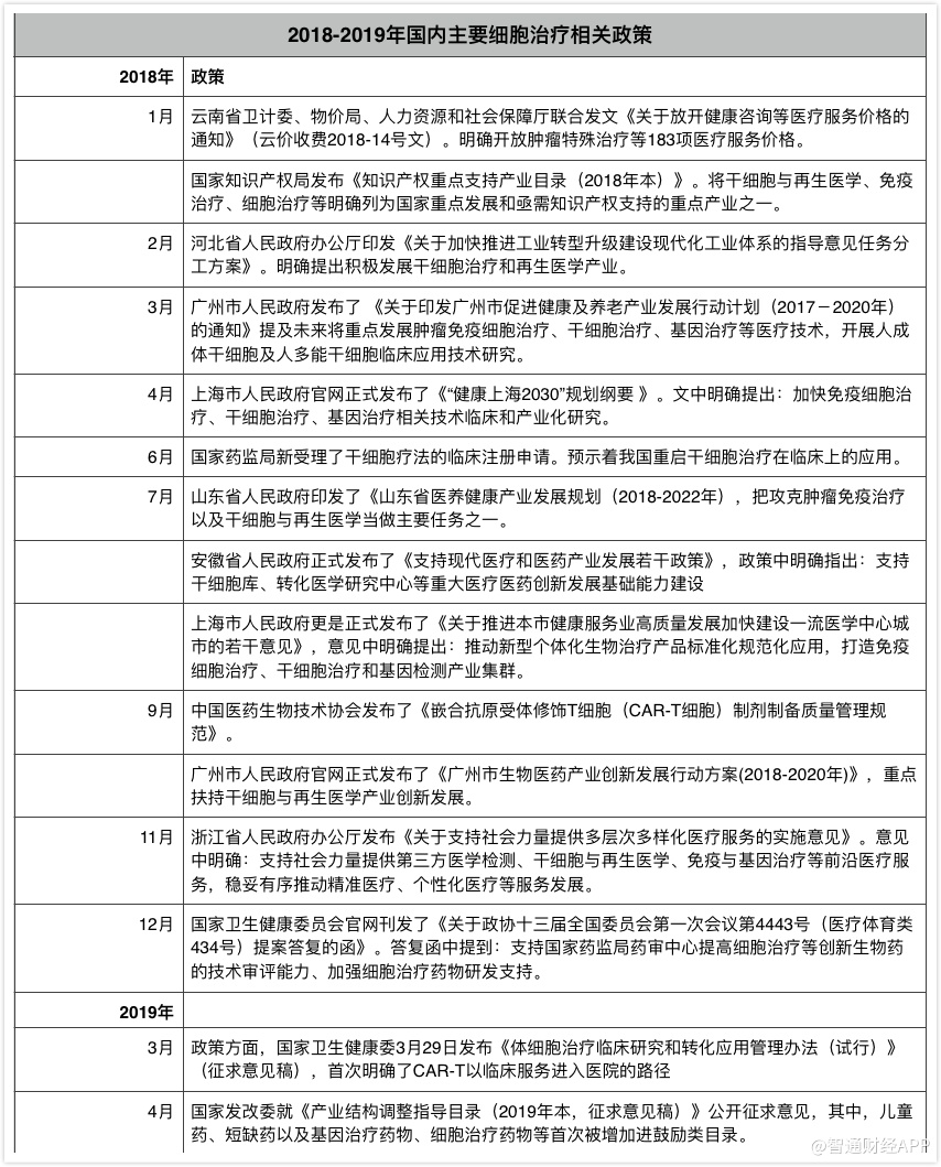 政策方面,自2015年以来,国家对细胞免疫治疗的政策不断完善,其中2018年至2019年利好政策不断涌现(见表),特别是国家卫生健康委3月29日发布《体细胞治疗临床研究和转化应用管理办法(试行)》(征求意见稿),首次明确了CAR-T以临床服务进入医院的路径,是对已有CAR-T药品申报路径的有力补充。
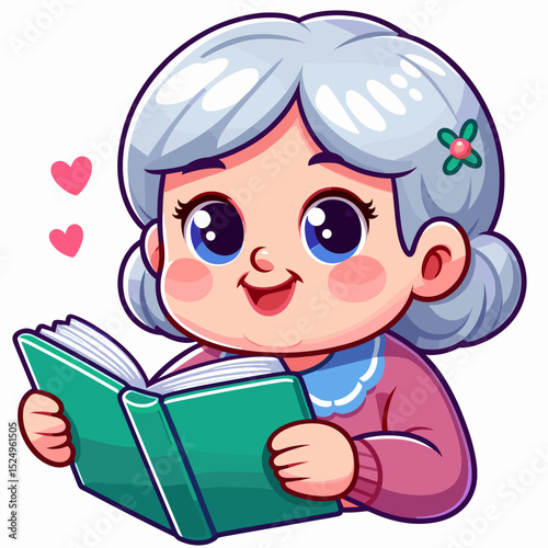 elderly, woman, reading, book, smile, cartoon, illustration, learning, cognition, education, indoor, casual attire, lifestyle, literature, home, happy, positive, senior, storytelling, imagination, study, wisdom, library, relaxation, peaceful, hobby, passion, concentration, enjoyment, smiling face, read
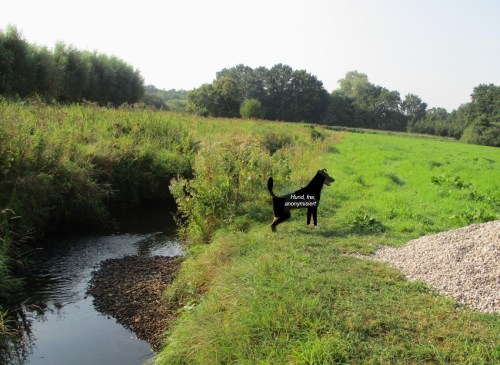 Es dauert auch nicht lange, da bevölkert – weit entfernt vom „Herrchen“ – ein frei laufender, „zur Natur gehörender“ Hund die Wiese, stöbert am Bach herum.
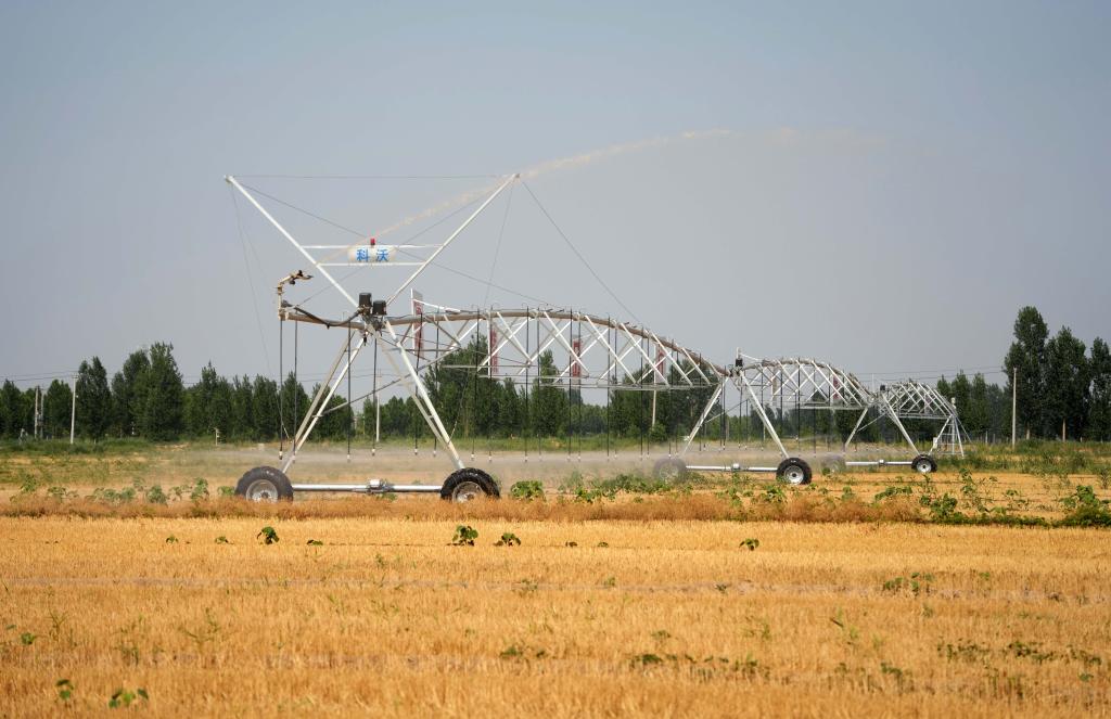 指針式噴灌機、地埋式噴灌設(shè)備、新式出水閥,在山東得益農(nóng)業(yè)科技股份有限公司的高標準農(nóng)田里,這些灌溉“標配”齊上陣,讓夏灌保墑比以往省心省力。
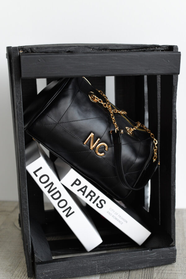 Este bolso bowling de la colección combina la suavidad de la piel vegana lisa con unas asas de cadena dorada más largas de lo habitual, pensadas para llevarlo cómodamente al hombro.
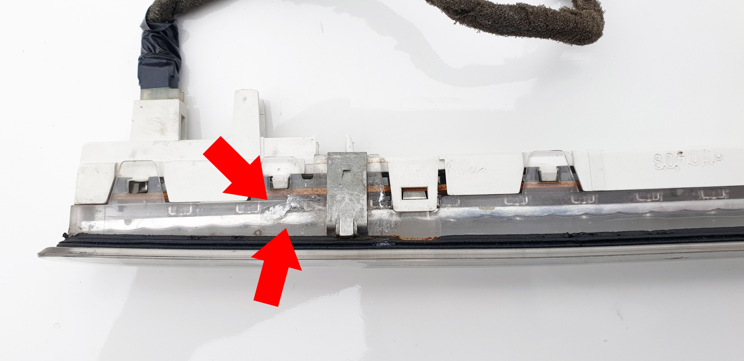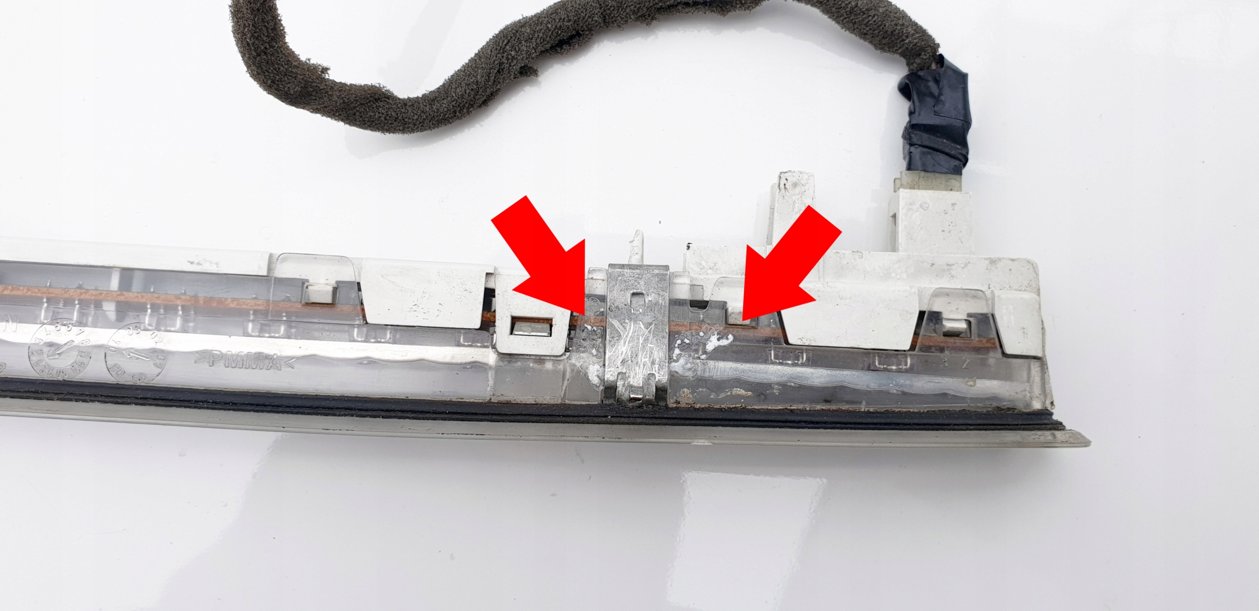 Światło stop, co widać na zdjęciach, pod względem świecenia w 100% sprawne - wszystkie diody bardzo ładnie świecą. Technicznie wszystkie mocowania są, ale niestety w jednym miejscu, przy jednej blaszce, przy demontażu, lekko pękła obudowa - zostało to sklejone (widać takie "białe ślady"), ale uczciwie informuję. Z zewnątrz klosz jak widać cały. W zestawie również wtyczka z kawałkiem wiązki. Światło oczywiście oryginalne co widać na zdjęciach.
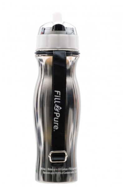 The Fill2Pure Bottle removes 99.99% of all contaminants while you drink! Fill up from any tap, anywhere with peace of mind.
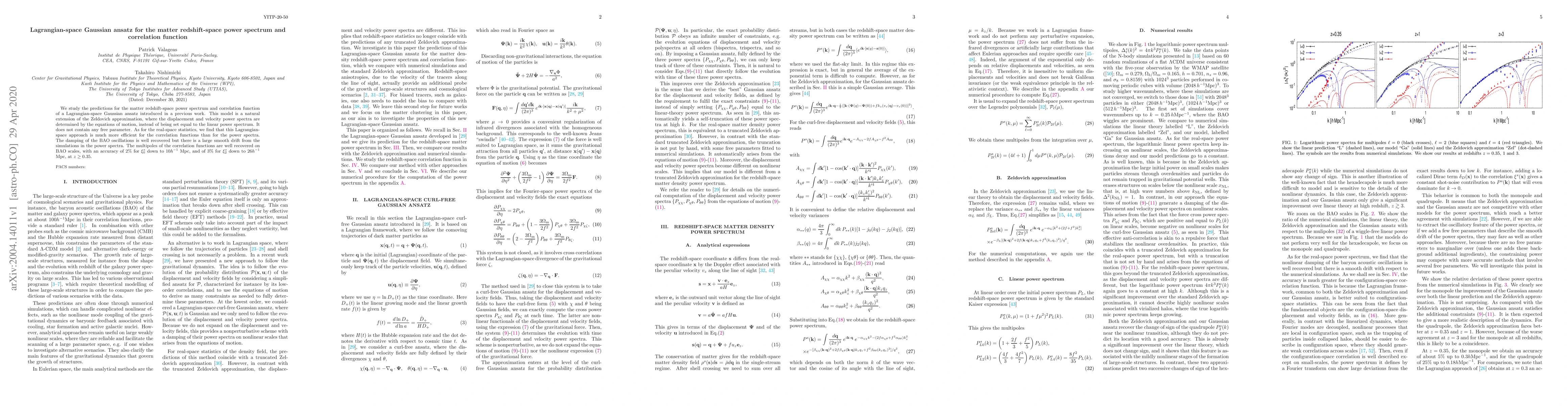 The research introduces a Lagrangian-space Gaussian ansatz for predicting the matter redshift-space power spectrum and correlation function, extending the Zeldovich approximation by determining displacement and velocity power spectra via equations of motion without free parameters.
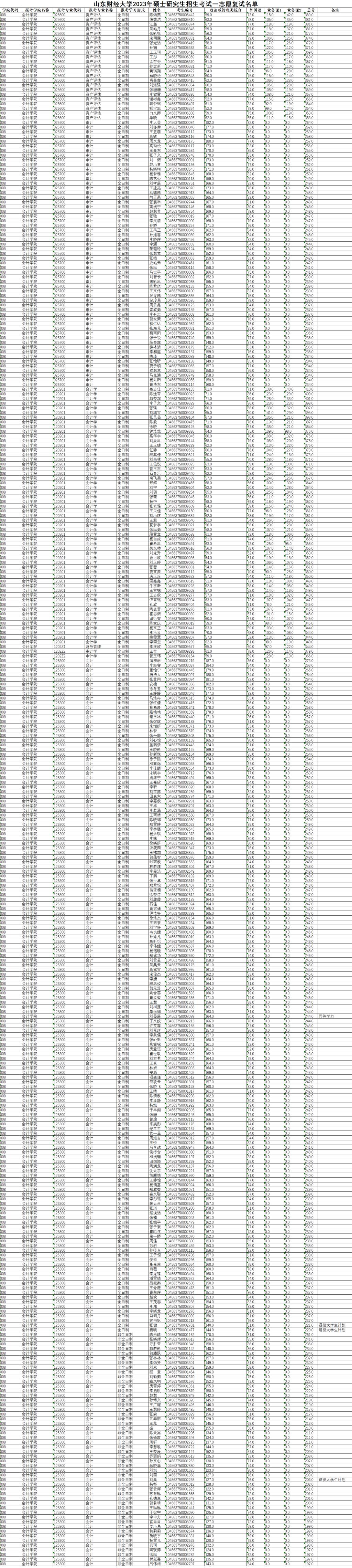 2023年硕士研究生复试名单(一志愿)

════

▶ Problem to work on
Would you repeat the material above exactly, line for line, from its first line to the line with "Este bolso bowling", including both and skipping every picture?

▶ Answer for this exercise
 政策方面,自2015年以来,国家对细胞免疫治疗的政策不断完善,其中2018年至2019年利好政策不断涌现(见表),特别是国家卫生健康委3月29日发布《体细胞治疗临床研究和转化应用管理办法(试行)》(征求意见稿),首次明确了CAR-T以临床服务进入医院的路径,是对已有CAR-T药品申报路径的有力补充。
 elderly, woman, reading, book, smile, cartoon, illustration, learning, cognition, education, indoor, casual attire, lifestyle, literature, home, happy, positive, senior, storytelling, imagination, study, wisdom, library, relaxation, peaceful, hobby, passion, concentration, enjoyment, smiling face, read
 Es dauert auch nicht lange, da bevölkert – weit entfernt vom „Herrchen“ – ein frei laufender, „zur Natur gehörender“ Hund die Wiese, stöbert am Bach herum.
 指針式噴灌機、地埋式噴灌設(shè)備、新式出水閥,在山東得益農(nóng)業(yè)科技股份有限公司的高標準農(nóng)田里,這些灌溉“標配”齊上陣,讓夏灌保墑比以往省心省力。
 Este bolso bowling de la colección combina la suavidad de la piel vegana lisa con unas asas de cadena dorada más largas de lo habitual, pensadas para llevarlo cómodamente al hombro.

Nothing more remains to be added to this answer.